--- Task details ---
If you see a picture in the data below, omit it and copy the rest exactly.

════════

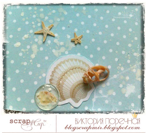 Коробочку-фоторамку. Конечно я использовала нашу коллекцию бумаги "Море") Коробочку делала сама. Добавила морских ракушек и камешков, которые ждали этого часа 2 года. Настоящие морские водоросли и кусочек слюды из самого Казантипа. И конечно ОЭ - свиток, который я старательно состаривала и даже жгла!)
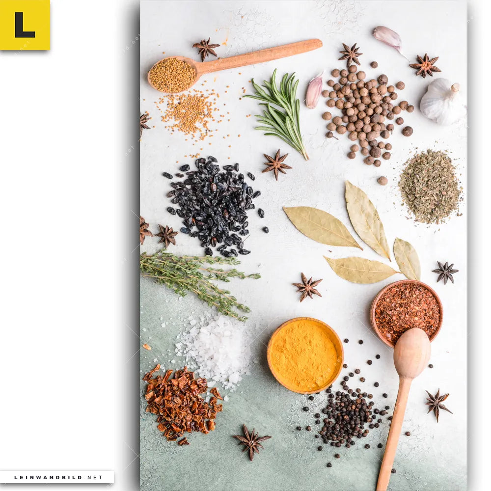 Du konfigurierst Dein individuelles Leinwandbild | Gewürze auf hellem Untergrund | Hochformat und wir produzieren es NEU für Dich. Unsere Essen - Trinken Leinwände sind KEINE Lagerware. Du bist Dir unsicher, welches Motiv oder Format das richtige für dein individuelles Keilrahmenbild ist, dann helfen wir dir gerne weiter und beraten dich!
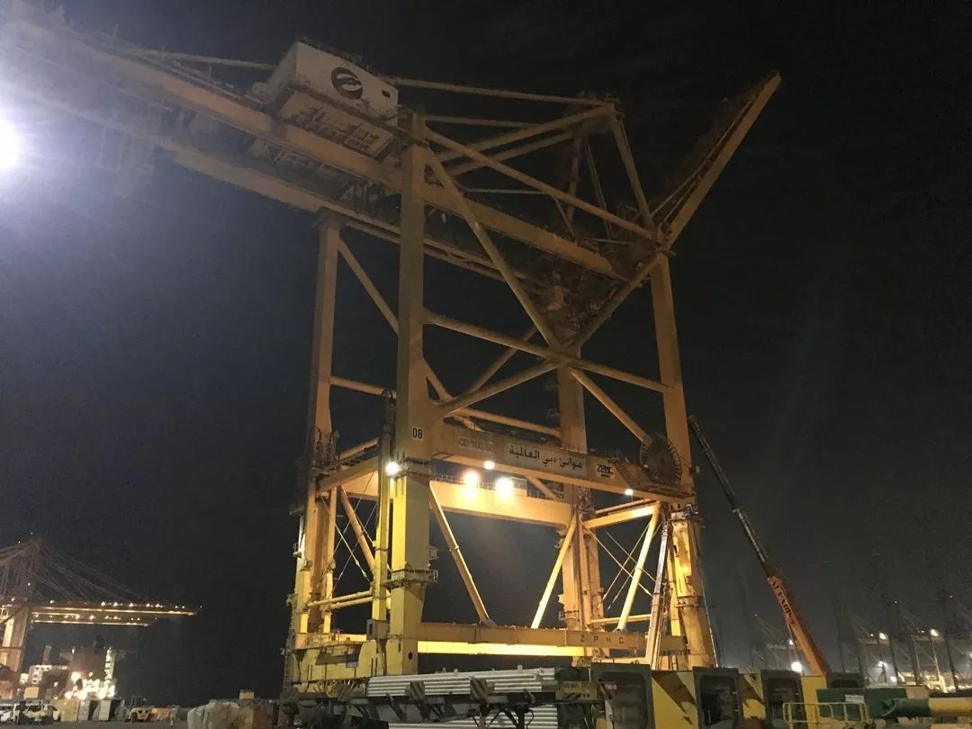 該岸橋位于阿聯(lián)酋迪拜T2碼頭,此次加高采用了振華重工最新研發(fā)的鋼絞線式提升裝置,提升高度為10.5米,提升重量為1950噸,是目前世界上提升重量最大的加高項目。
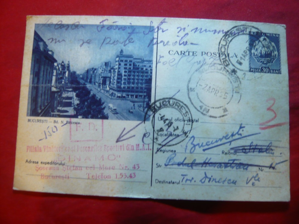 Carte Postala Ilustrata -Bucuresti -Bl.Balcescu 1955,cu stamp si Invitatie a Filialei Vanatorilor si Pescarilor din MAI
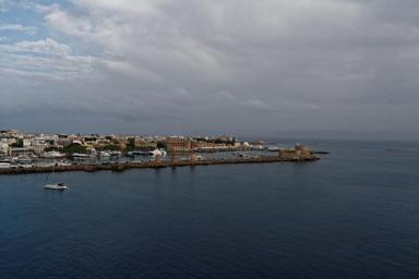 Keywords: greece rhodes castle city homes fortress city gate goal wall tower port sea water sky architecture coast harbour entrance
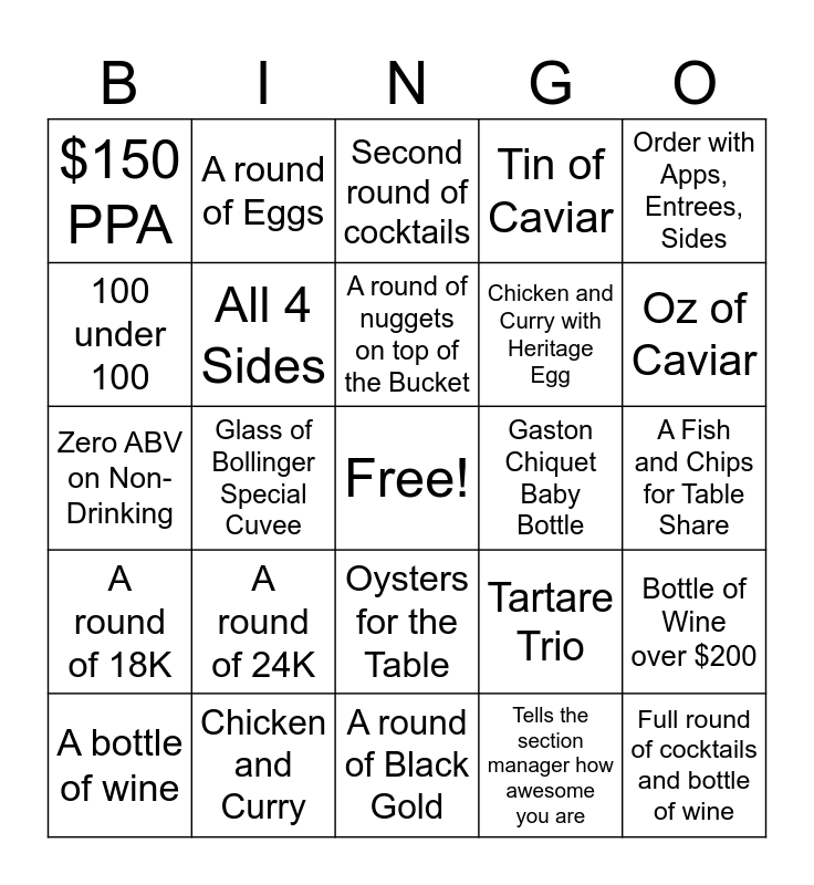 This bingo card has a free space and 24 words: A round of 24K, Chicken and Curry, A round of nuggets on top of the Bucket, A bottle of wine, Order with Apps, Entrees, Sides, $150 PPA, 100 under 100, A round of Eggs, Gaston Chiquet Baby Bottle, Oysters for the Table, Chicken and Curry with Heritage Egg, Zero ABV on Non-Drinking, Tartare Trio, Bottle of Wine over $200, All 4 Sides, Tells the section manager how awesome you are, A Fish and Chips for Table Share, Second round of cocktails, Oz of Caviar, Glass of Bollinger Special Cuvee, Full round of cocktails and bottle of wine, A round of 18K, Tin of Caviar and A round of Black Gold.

════════

--- Worked solution ---
 Коробочку-фоторамку. Конечно я использовала нашу коллекцию бумаги "Море") Коробочку делала сама. Добавила морских ракушек и камешков, которые ждали этого часа 2 года. Настоящие морские водоросли и кусочек слюды из самого Казантипа. И конечно ОЭ - свиток, который я старательно состаривала и даже жгла!)
 Du konfigurierst Dein individuelles Leinwandbild | Gewürze auf hellem Untergrund | Hochformat und wir produzieren es NEU für Dich. Unsere Essen - Trinken Leinwände sind KEINE Lagerware. Du bist Dir unsicher, welches Motiv oder Format das richtige für dein individuelles Keilrahmenbild ist, dann helfen wir dir gerne weiter und beraten dich!
 該岸橋位于阿聯(lián)酋迪拜T2碼頭,此次加高采用了振華重工最新研發(fā)的鋼絞線式提升裝置,提升高度為10.5米,提升重量為1950噸,是目前世界上提升重量最大的加高項目。
 Carte Postala Ilustrata -Bucuresti -Bl.Balcescu 1955,cu stamp si Invitatie a Filialei Vanatorilor si Pescarilor din MAI
 Keywords: greece rhodes castle city homes fortress city gate goal wall tower port sea water sky architecture coast harbour entrance
 This bingo card has a free space and 24 words: A round of 24K, Chicken and Curry, A round of nuggets on top of the Bucket, A bottle of wine, Order with Apps, Entrees, Sides, $150 PPA, 100 under 100, A round of Eggs, Gaston Chiquet Baby Bottle, Oysters for the Table, Chicken and Curry with Heritage Egg, Zero ABV on Non-Drinking, Tartare Trio, Bottle of Wine over $200, All 4 Sides, Tells the section manager how awesome you are, A Fish and Chips for Table Share, Second round of cocktails, Oz of Caviar, Glass of Bollinger Special Cuvee, Full round of cocktails and bottle of wine, A round of 18K, Tin of Caviar and A round of Black Gold.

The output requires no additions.